Exercise goal | In the data below, begin at the line with "ادارین. [ اَ" and stop after the line with "Apartmán je plně"; output those lines exactly and no pictures.

** Opening Working data block **

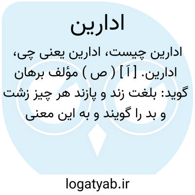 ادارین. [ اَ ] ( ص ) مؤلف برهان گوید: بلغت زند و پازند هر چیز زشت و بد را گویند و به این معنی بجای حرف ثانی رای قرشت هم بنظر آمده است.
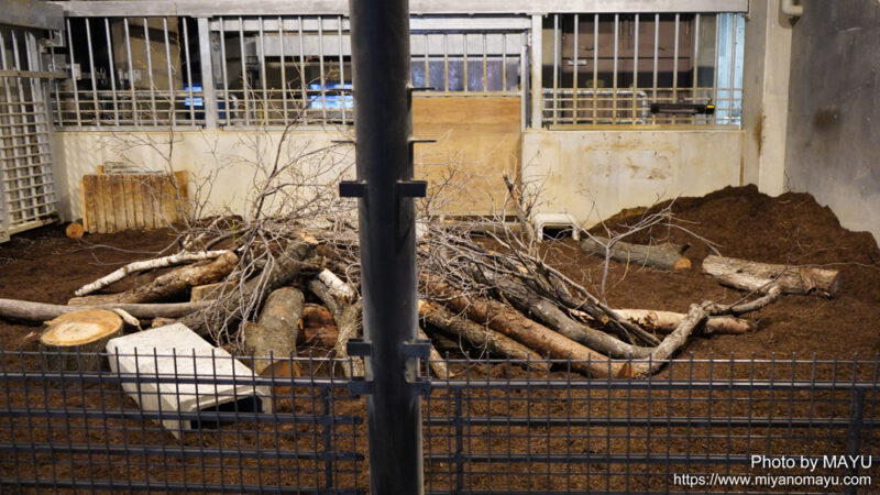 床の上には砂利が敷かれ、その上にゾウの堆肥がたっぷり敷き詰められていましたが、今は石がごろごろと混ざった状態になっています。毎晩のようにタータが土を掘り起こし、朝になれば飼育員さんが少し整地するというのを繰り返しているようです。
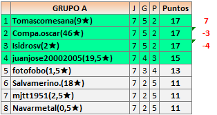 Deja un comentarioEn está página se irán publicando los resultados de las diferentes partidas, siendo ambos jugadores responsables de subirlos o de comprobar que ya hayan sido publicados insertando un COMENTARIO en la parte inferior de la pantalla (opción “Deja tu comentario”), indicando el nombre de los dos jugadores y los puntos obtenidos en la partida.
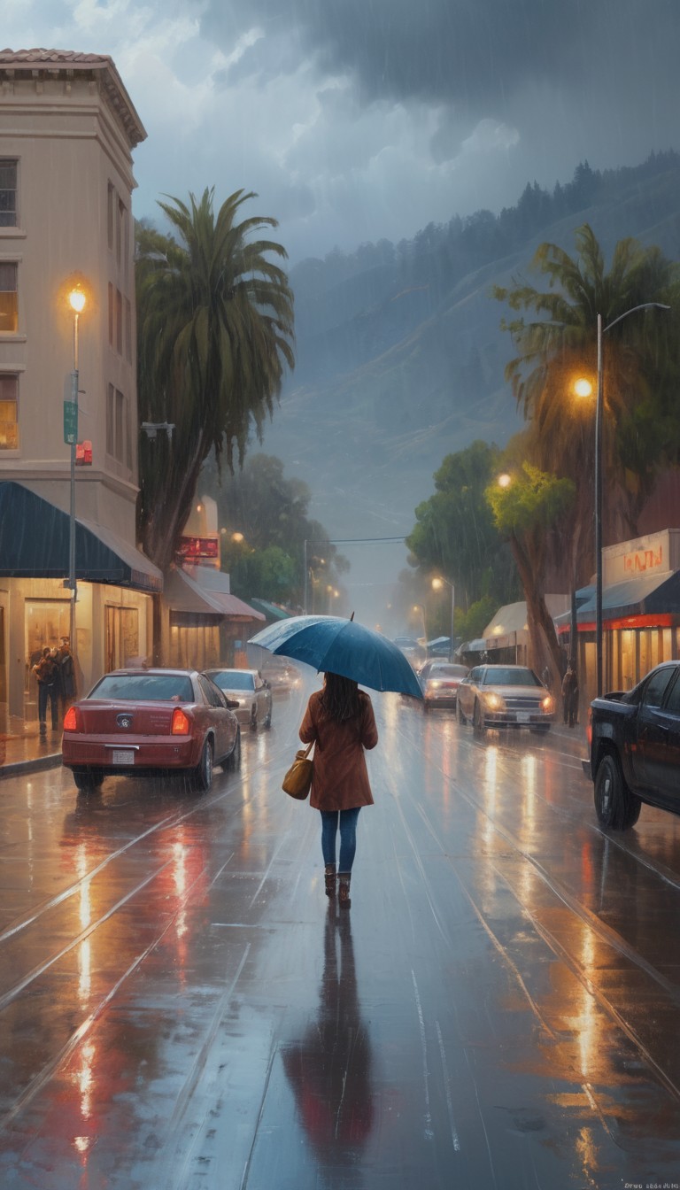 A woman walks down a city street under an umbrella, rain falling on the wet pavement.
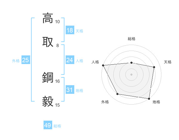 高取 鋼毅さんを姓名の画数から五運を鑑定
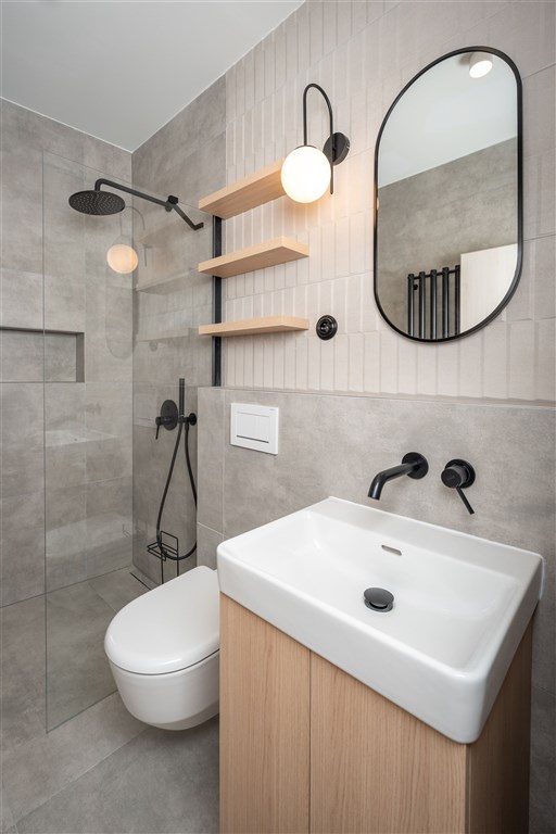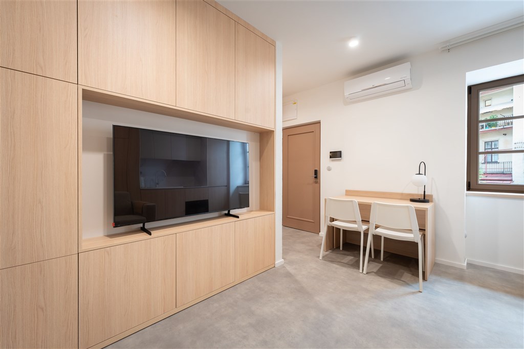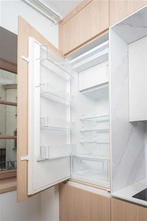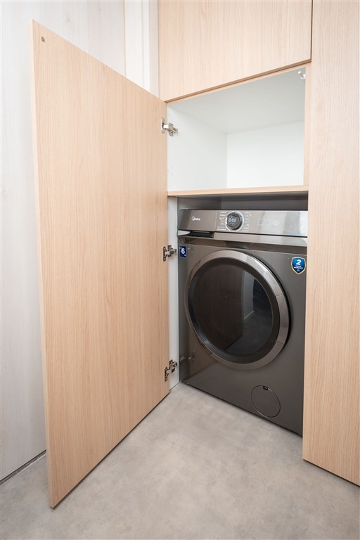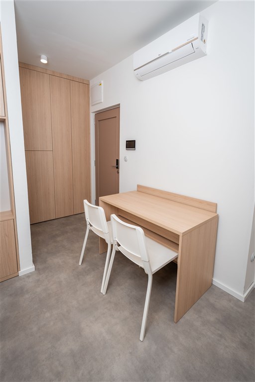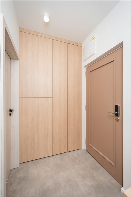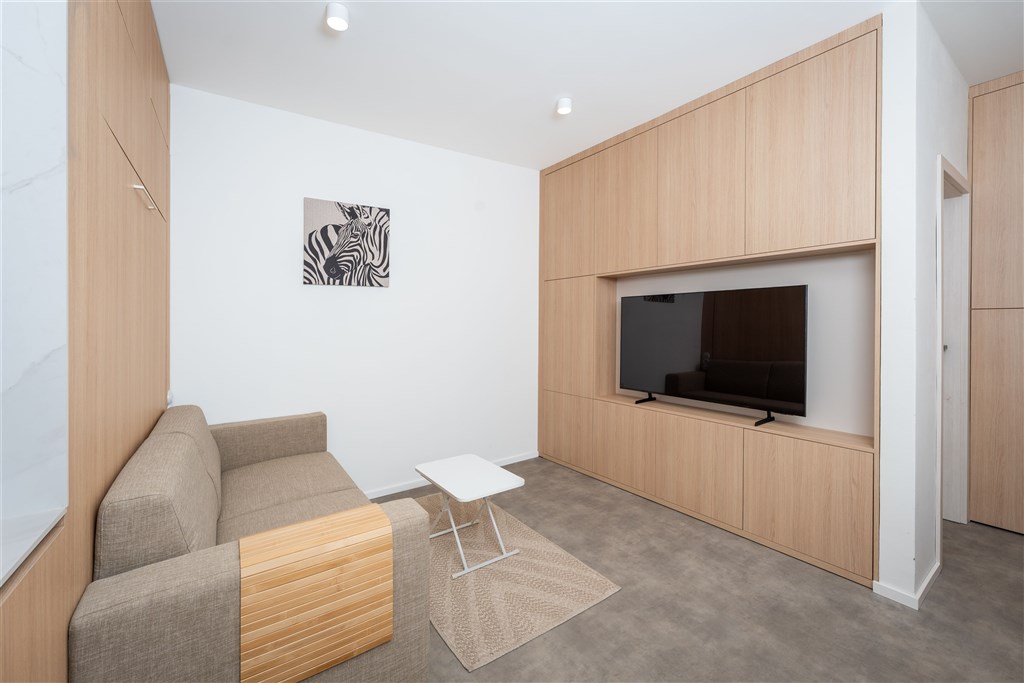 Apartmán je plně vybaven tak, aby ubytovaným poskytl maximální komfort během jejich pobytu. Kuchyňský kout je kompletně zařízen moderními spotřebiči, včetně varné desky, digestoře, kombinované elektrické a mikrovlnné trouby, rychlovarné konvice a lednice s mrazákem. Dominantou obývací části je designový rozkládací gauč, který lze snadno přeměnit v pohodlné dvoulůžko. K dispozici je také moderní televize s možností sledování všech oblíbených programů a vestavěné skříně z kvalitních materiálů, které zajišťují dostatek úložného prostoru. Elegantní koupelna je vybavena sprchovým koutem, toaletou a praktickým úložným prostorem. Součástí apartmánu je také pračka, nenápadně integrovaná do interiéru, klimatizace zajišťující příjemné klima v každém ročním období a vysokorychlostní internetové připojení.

** Closing Working data block **
** Opening Working data block **

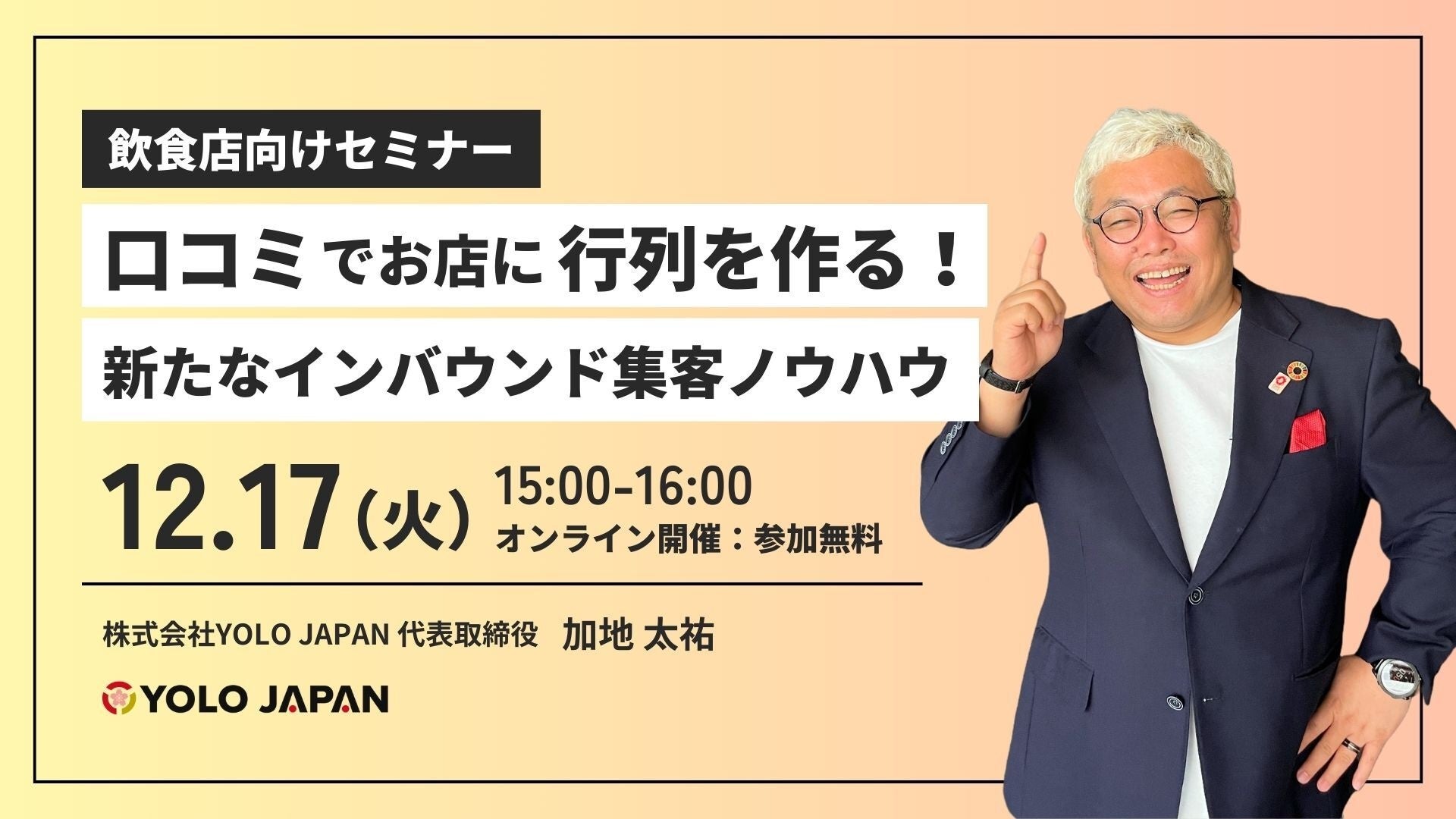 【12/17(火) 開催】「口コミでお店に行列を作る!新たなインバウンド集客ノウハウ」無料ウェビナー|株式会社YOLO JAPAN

** Closing Working data block **

Reply |
 ادارین. [ اَ ] ( ص ) مؤلف برهان گوید: بلغت زند و پازند هر چیز زشت و بد را گویند و به این معنی بجای حرف ثانی رای قرشت هم بنظر آمده است.
 床の上には砂利が敷かれ、その上にゾウの堆肥がたっぷり敷き詰められていましたが、今は石がごろごろと混ざった状態になっています。毎晩のようにタータが土を掘り起こし、朝になれば飼育員さんが少し整地するというのを繰り返しているようです。
 Deja un comentarioEn está página se irán publicando los resultados de las diferentes partidas, siendo ambos jugadores responsables de subirlos o de comprobar que ya hayan sido publicados insertando un COMENTARIO en la parte inferior de la pantalla (opción “Deja tu comentario”), indicando el nombre de los dos jugadores y los puntos obtenidos en la partida.
 A woman walks down a city street under an umbrella, rain falling on the wet pavement.
 高取 鋼毅さんを姓名の画数から五運を鑑定
 Apartmán je plně vybaven tak, aby ubytovaným poskytl maximální komfort během jejich pobytu. Kuchyňský kout je kompletně zařízen moderními spotřebiči, včetně varné desky, digestoře, kombinované elektrické a mikrovlnné trouby, rychlovarné konvice a lednice s mrazákem. Dominantou obývací části je designový rozkládací gauč, který lze snadno přeměnit v pohodlné dvoulůžko. K dispozici je také moderní televize s možností sledování všech oblíbených programů a vestavěné skříně z kvalitních materiálů, které zajišťují dostatek úložného prostoru. Elegantní koupelna je vybavena sprchovým koutem, toaletou a praktickým úložným prostorem. Součástí apartmánu je také pračka, nenápadně integrovaná do interiéru, klimatizace zajišťující příjemné klima v každém ročním období a vysokorychlostní internetové připojení.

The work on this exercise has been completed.